Awesome, I'm glad to hear it! I've just merged this in, so this will appear in the next release of Optimistix. :)

@johannahaffner
Copy link
Contributor

johannahaffner commented May 10, 2024

Hi! Not sure where else to post this, but I wanted to note it somewhere: on my problem, I get dramatic performance reductions when using reverse-mode autodiff inside of least_squares.

Specifically:

  • Using dfx.DirectAdjoint, I get 0.286 s per trajectory if passing options=dict(jac="fwd") and
  • 29.8 s per trajectory if passing options=dict(jac="bwd"), which drops to
  • 8.11 s per trajectory if using dfx.RecursiveCheckpointAdjoint instead of DirectAdjoint.

The documentation does note that forward-mode is usually more efficient, so this might just be further confirmation of that observation :)

The solver I used is LevenbergMarquardt(atol=1e-06, rtol=1e-03).

@patrick-kidger
Copy link
Owner Author

Hey there!

Ah, indeed this might have been the case.

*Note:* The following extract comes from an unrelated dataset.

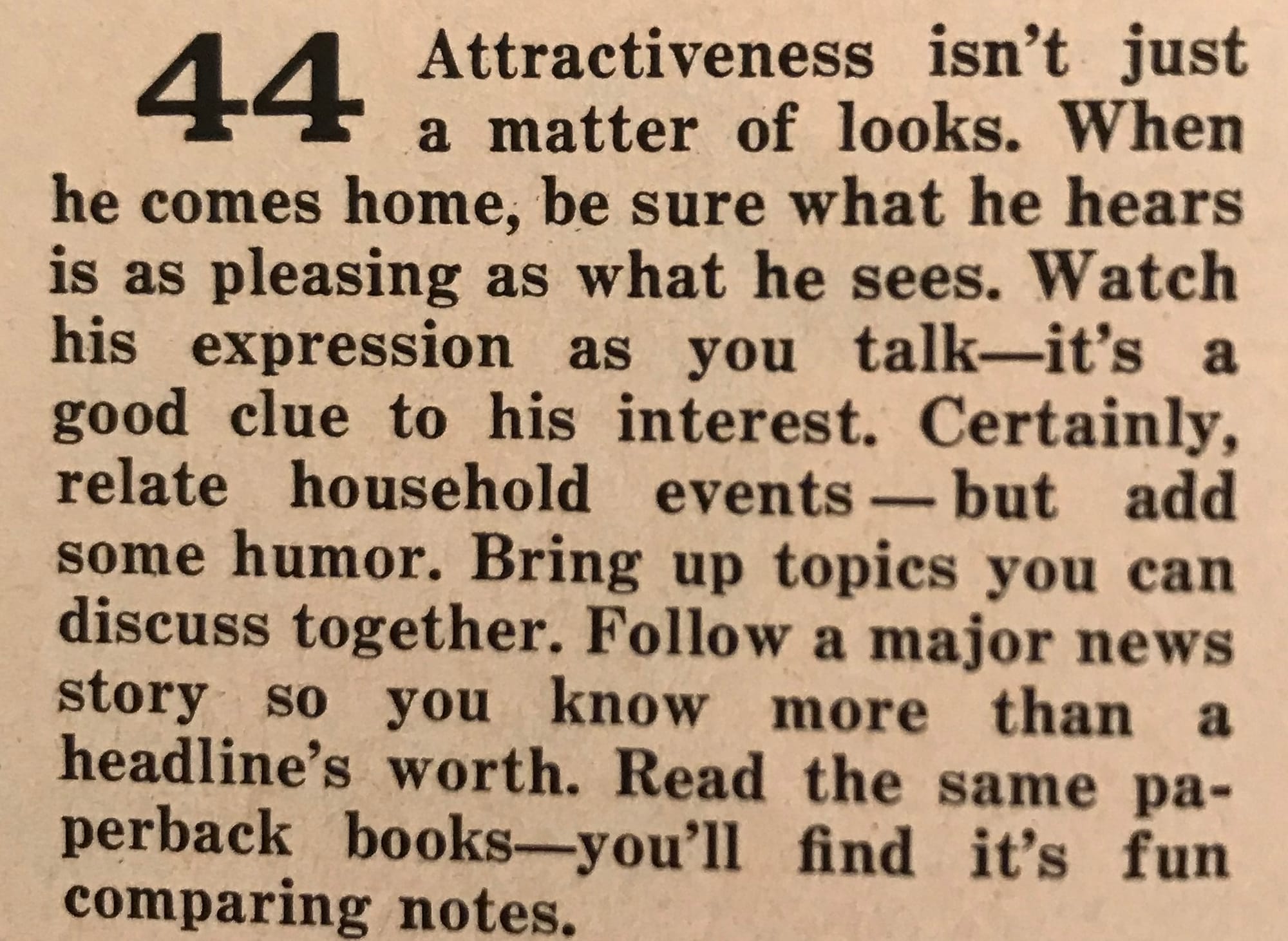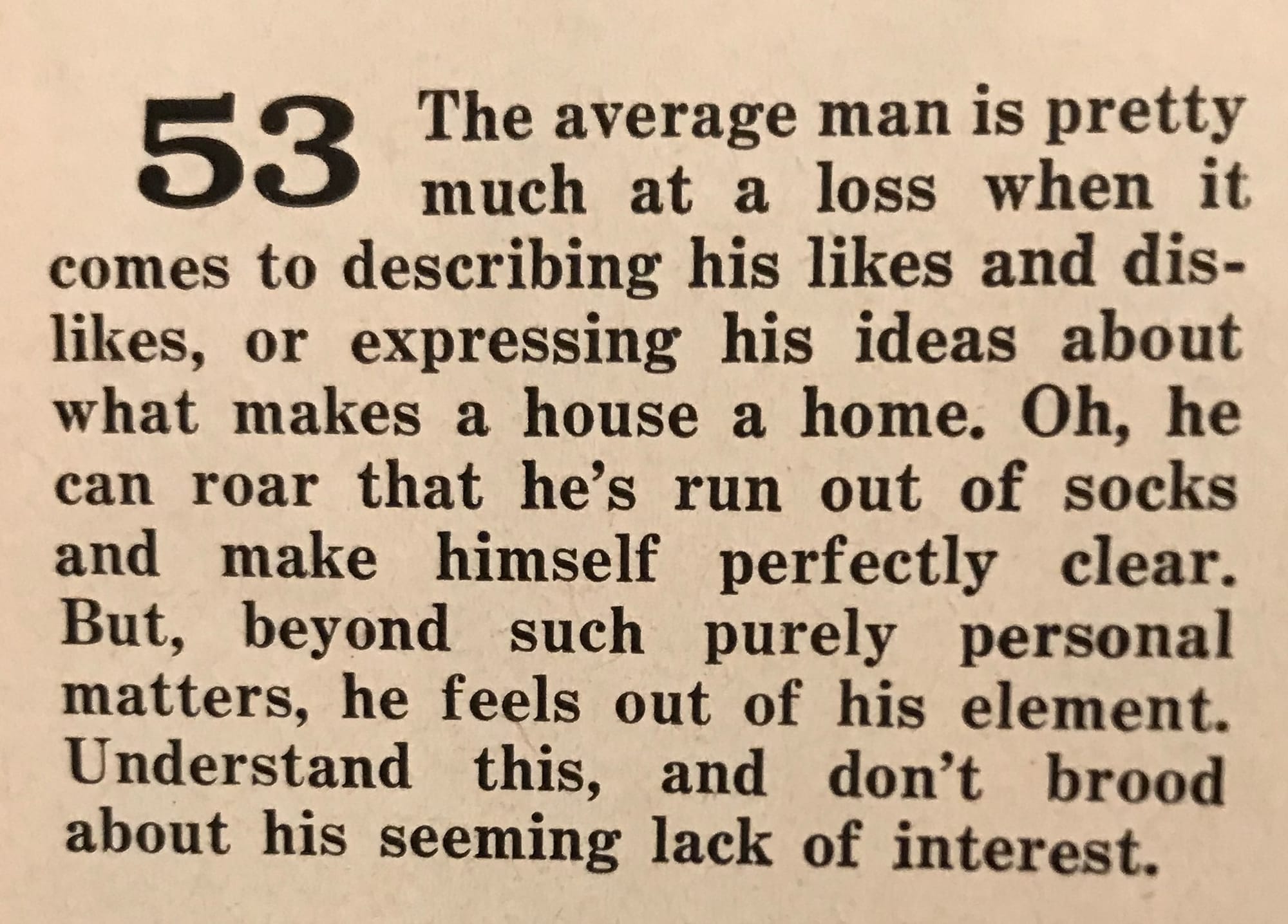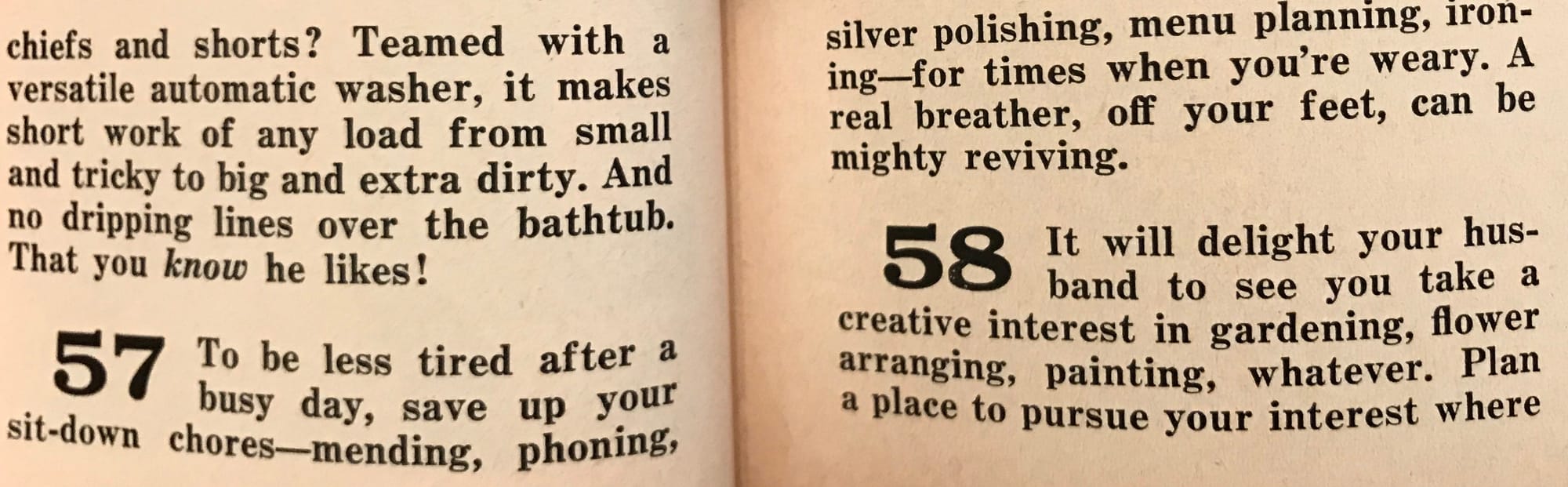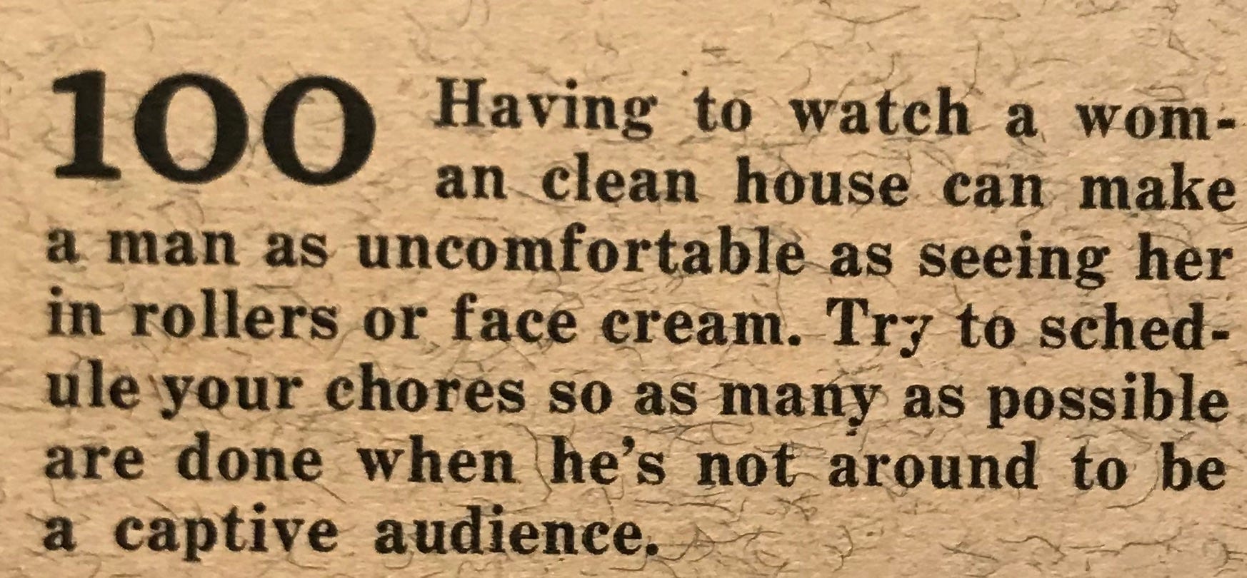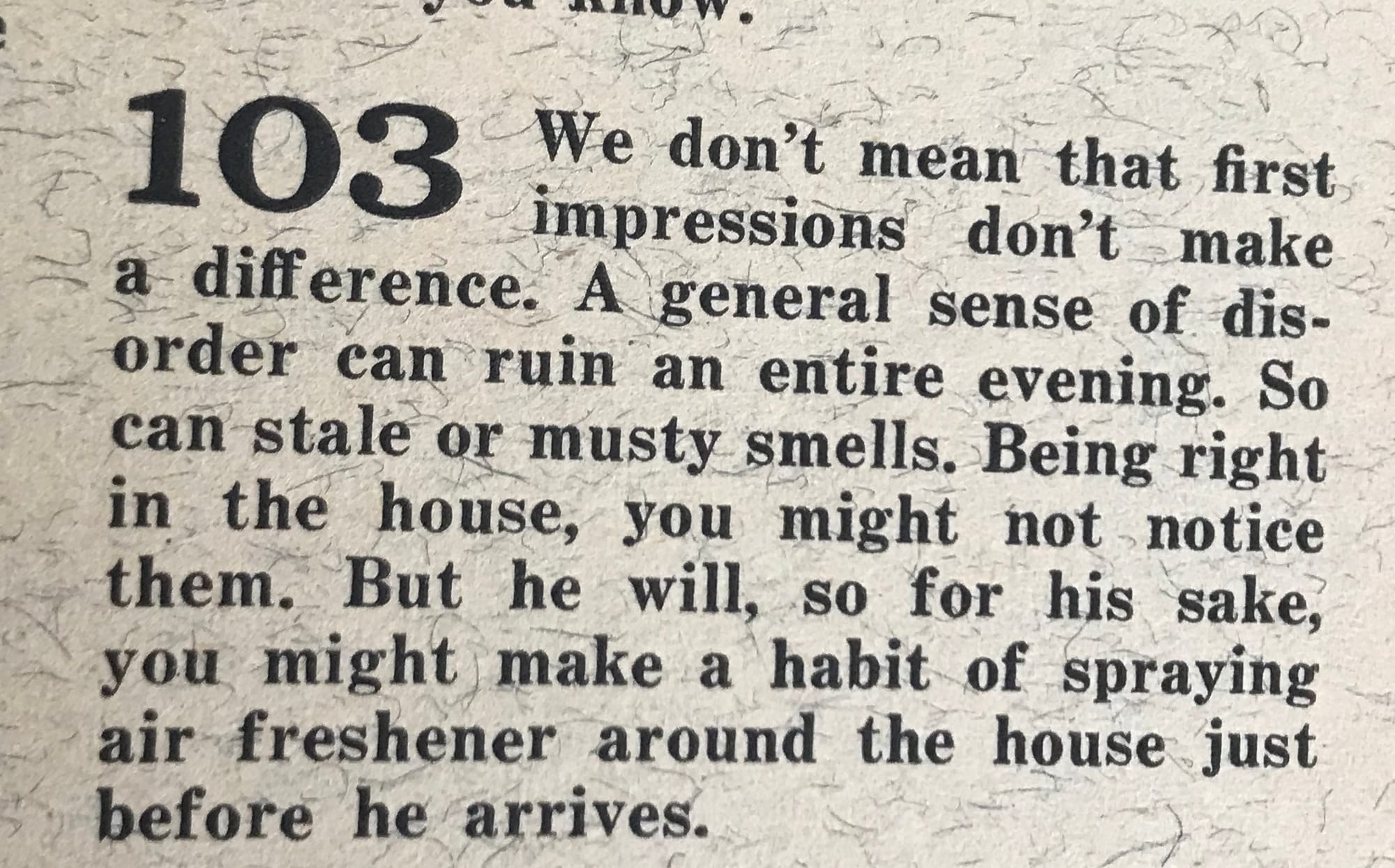 I am super curious to learn some day how this type of advice got written and published in 1965, but I have one clue:

It was hard to guess which was the greater overhead: DirectAdjoint + forward mode, or RecursiveCheckpointAdjoint + reverse mode.

FWIW this is motivating me to consider adding a forward-mode specific "adjoint". (I'd been holding off on this in the hopes that support could be added to RecursiveCheckpointAdjoint but that's something which requires changes in JAX itself.) Let me see if I can throw something together and we can see how it runs.

@patrick-kidger
Copy link
Owner Author

patrick-kidger commented May 11, 2024

Okay, completely untested, but something like the following should probably work:

class ForwardMode(diffrax.AbstractAdjoint):
    def loop(
        self,
        *,
        solver,
        throw,
        passed_solver_state,
        passed_controller_state,
        **kwargs,
    ):
        del throw, passed_solver_state, passed_controller_state
        inner_while_loop = functools.partial(diffrax._adjoint._inner_loop, kind="lax")
        outer_while_loop = ftunctoolspartial(diffrax._adjoint._outer_loop, kind="lax")
        # Support forward-mode autodiff.
        # TODO: remove this hack once we can JVP through custom_vjps.
        if isinstance(solver, diffrax.AbstractRungeKutta) and solver.scan_kind is None:
            solver = eqx.tree_at(
                lambda s: s.scan_kind, solver, "lax", is_leaf=_is_none
            )
        final_state = self._loop(
            solver=solver,
            inner_while_loop=inner_while_loop,
            outer_while_loop=outer_while_loop,
            **kwargs,
        )
        return final_state

by passing diffeqsolve(..., adjoint=ForwardMode()). Then the resulting diffeqsolve should be forward-mode autodifferentiable.

Let me know how this goes!

@johannahaffner
Copy link
Contributor

johannahaffner commented May 14, 2024

Awesome, thank you! I'm happy to give it a proper go tomorrow. So far I am getting this error

.../site-packages/diffrax/_integrate.py#line=457), in loop()
    456     return new_state
--> 458 final_state = outer_while_loop(
    459     cond_fun, body_fun, init_state, max_steps=max_steps, buffers=_outer_buffers
    460 )
    462 def _save_t1(subsaveat, save_state):

.../contextlib.py#line=80), in inner()
     80 with self._recreate_cm():
---> 81     return func(*args, **kwds)

.../site-packages/equinox/internal/_loop/loop.py#line=102), in while_loop()
    102 del cond_fun, body_fun, init_val
--> 103 _, _, _, final_val = lax.while_loop(cond_fun_, body_fun_, init_val_)
    104 return final_val

JaxStackTraceBeforeTransformation: ValueError: Reverse-mode differentiation does not work for 
lax.while_loop or lax.fori_loop with dynamic start/stop values. Try using lax.scan, or using 
fori_loop with static start/stop.

I'm a little unsure where the reverse-mode differentiation is coming from here (this is with options=dict(jac="fwd") in least_squares). But also happy to dig into it a little :)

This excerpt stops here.